As we begin to become more selfish with our time, efforts, and energy, it’s essential for us to practice establishing those boundaries verbally before we move on to creating actual, physical distance from those who drain us.
Something I have been working on is becoming the kind of person who is slow to speak. Being a conscious communicator means developing the ability to step back from a situation, regain control of yourself, and allow your emotions to get in check before you respond, ifyou respond. The beautiful thing about this process is realizing that not every situation requires a response, and that is completely okay. Especially if responding or not responding is
I started practicing this a few months ago with social media— instead of responding to every troll or feeling like I had to prove myself every time someone responded to me, I decided that I simply was going to fall back and preserve my energy. Realizing that every person who is being contrarian or willfully obtuse does not require my immediate and extended time and attention is something I only wish I’d learned sooner.
Now that I’ve crossed over to practicing this in my personal life, I admit that it has been way more difficult than I expected it to be. I’m someone who typically selflessly does labor for friends and family to a point where it was beyond draining. Sometimes it was based in anxiety over whether or not I was likable enough to have people keep me around without me straining myself. Sometimes it was because I threw myself into what others needed from me because I was too depressed to tend to myself.
Keeping people around who make you feel like you have to actively do something or behave a certain way to be your friend is not the kind of friendship you need or deserve. Not allowing yourself time and distance from these people is self-harming and detrimental to your mental health. Becoming a conscious communicator to me meant mentally establishing boundaries and then actively enforcing them as I navigated my life. Meaning, if I made a boundary where I decided that being around a person somehow triggered or drained me, I owed it to myself to follow through and actively create distance.

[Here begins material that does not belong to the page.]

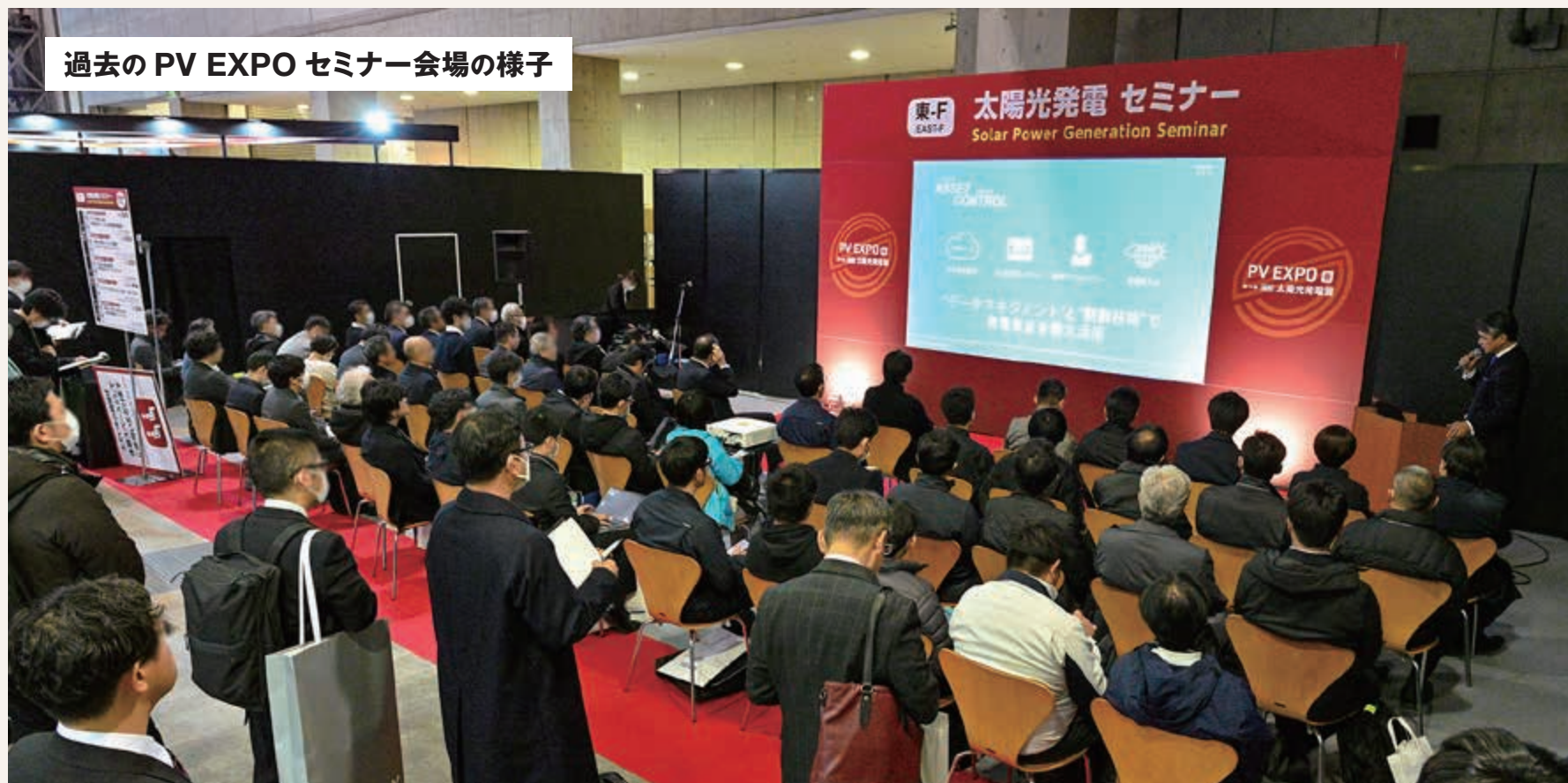
過去のPV EXPO セミナー会場の様子

Paying attention to my mental health and spiritual body made it impossible for me to think it was suitable to put someone else before myself, and that overextending myself was not sustainable in the long run.
Many empaths and empathetic people tend to think that doing things like this will result in no one liking us, or the loss of friends in mass, however, I like to think of it as a good way to see who will stick around once you’ve drawn a line. If they stick around, great. If they don’t, even better.